- [ACTIVITY] In the listing below, locate the line with "臧新軍行長一行參觀了華羚公司" and the line with "On the busiest", then output both and everything between them exactly, minus any pictures.

- [DATA]
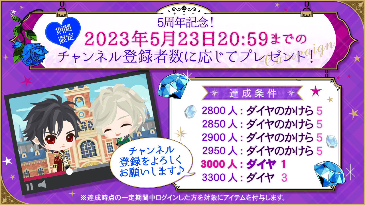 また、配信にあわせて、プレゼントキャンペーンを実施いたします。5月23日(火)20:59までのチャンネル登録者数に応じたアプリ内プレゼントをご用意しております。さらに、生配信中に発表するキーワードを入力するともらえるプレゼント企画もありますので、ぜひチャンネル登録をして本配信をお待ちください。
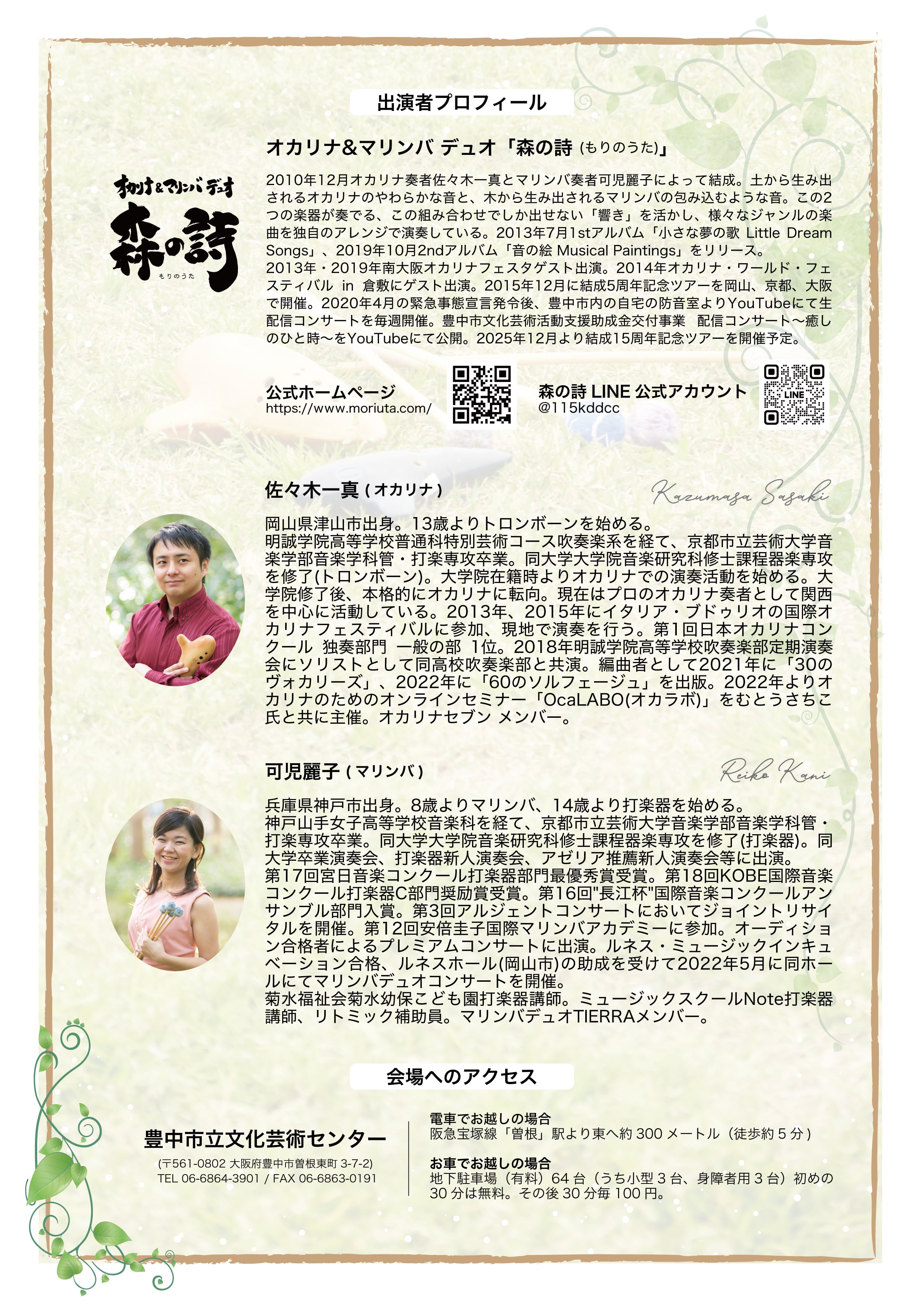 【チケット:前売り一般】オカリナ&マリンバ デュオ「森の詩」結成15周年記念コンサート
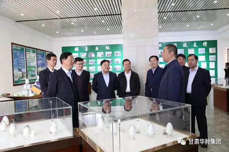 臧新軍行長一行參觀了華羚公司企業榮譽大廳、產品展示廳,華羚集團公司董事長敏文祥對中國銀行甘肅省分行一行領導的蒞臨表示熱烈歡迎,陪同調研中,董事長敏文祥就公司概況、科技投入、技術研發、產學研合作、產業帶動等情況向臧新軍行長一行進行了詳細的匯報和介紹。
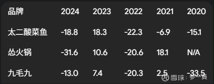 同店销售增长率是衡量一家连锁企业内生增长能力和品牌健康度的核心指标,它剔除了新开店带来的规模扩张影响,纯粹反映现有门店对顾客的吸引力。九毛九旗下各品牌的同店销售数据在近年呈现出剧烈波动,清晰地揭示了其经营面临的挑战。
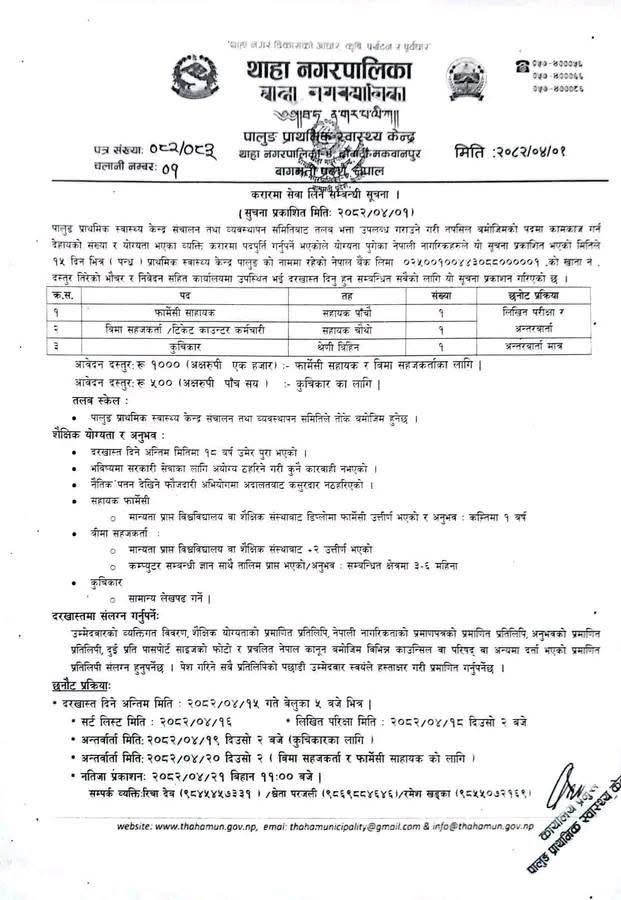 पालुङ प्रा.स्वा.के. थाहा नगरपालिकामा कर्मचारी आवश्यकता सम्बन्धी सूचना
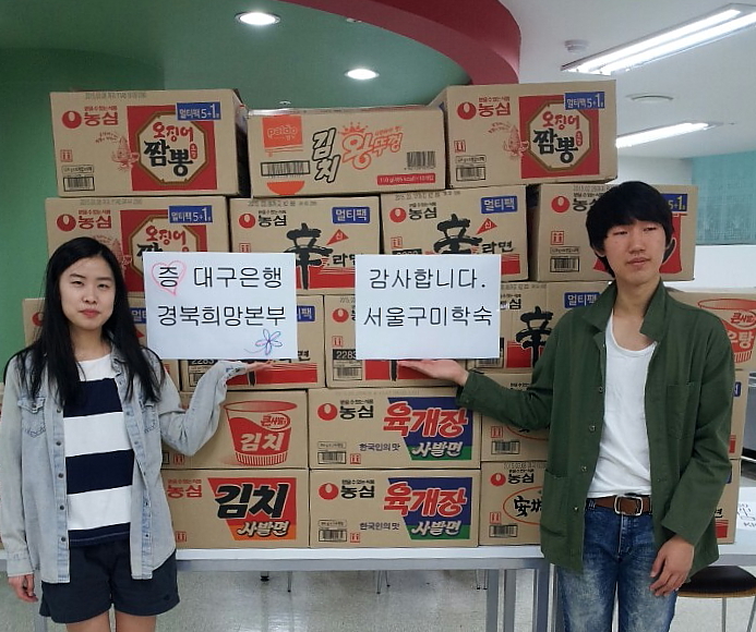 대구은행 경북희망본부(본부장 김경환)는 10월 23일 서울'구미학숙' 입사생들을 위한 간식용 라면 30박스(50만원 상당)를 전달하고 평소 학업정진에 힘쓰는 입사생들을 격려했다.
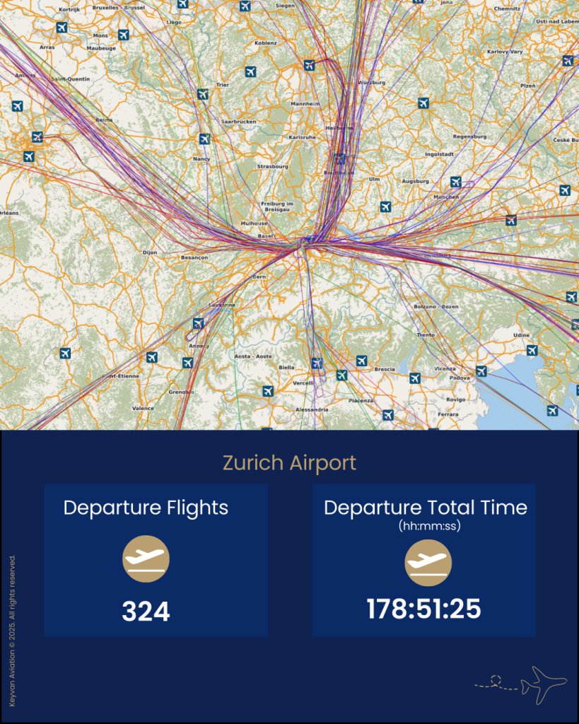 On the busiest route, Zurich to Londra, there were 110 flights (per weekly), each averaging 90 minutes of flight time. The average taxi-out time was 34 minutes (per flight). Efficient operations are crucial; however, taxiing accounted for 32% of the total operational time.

==

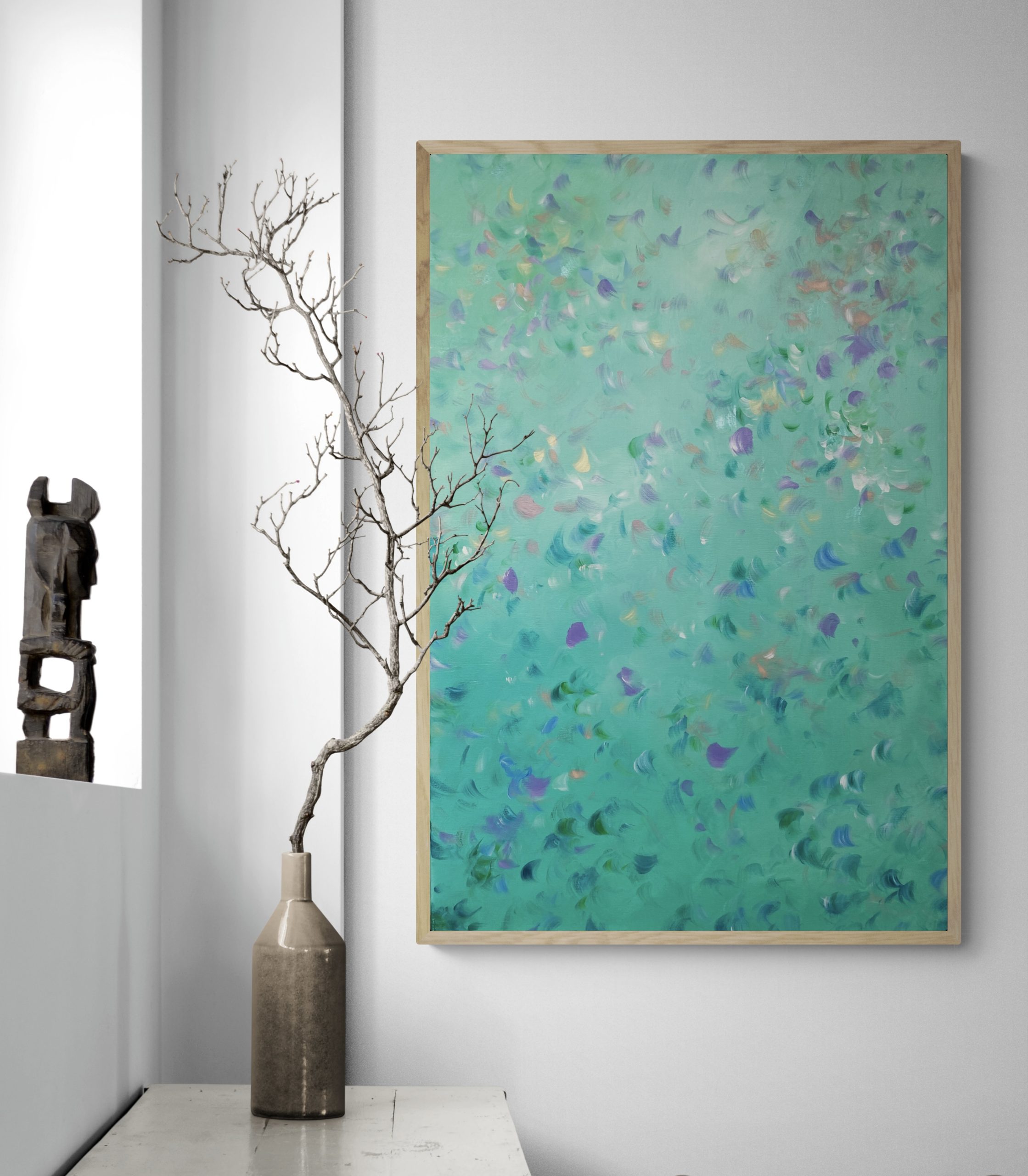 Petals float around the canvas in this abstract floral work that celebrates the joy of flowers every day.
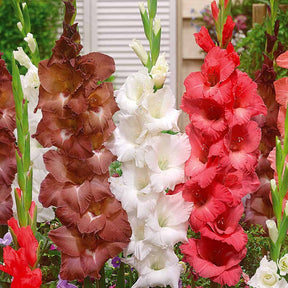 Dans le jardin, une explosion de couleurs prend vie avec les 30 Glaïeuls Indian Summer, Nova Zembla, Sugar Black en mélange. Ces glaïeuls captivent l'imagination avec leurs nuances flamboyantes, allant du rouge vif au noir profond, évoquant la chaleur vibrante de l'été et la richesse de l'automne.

- [SOLUTION]
 臧新軍行長一行參觀了華羚公司企業榮譽大廳、產品展示廳,華羚集團公司董事長敏文祥對中國銀行甘肅省分行一行領導的蒞臨表示熱烈歡迎,陪同調研中,董事長敏文祥就公司概況、科技投入、技術研發、產學研合作、產業帶動等情況向臧新軍行長一行進行了詳細的匯報和介紹。
 同店销售增长率是衡量一家连锁企业内生增长能力和品牌健康度的核心指标,它剔除了新开店带来的规模扩张影响,纯粹反映现有门店对顾客的吸引力。九毛九旗下各品牌的同店销售数据在近年呈现出剧烈波动,清晰地揭示了其经营面临的挑战。
 पालुङ प्रा.स्वा.के. थाहा नगरपालिकामा कर्मचारी आवश्यकता सम्बन्धी सूचना
 대구은행 경북희망본부(본부장 김경환)는 10월 23일 서울'구미학숙' 입사생들을 위한 간식용 라면 30박스(50만원 상당)를 전달하고 평소 학업정진에 힘쓰는 입사생들을 격려했다.
 On the busiest route, Zurich to Londra, there were 110 flights (per weekly), each averaging 90 minutes of flight time. The average taxi-out time was 34 minutes (per flight). Efficient operations are crucial; however, taxiing accounted for 32% of the total operational time.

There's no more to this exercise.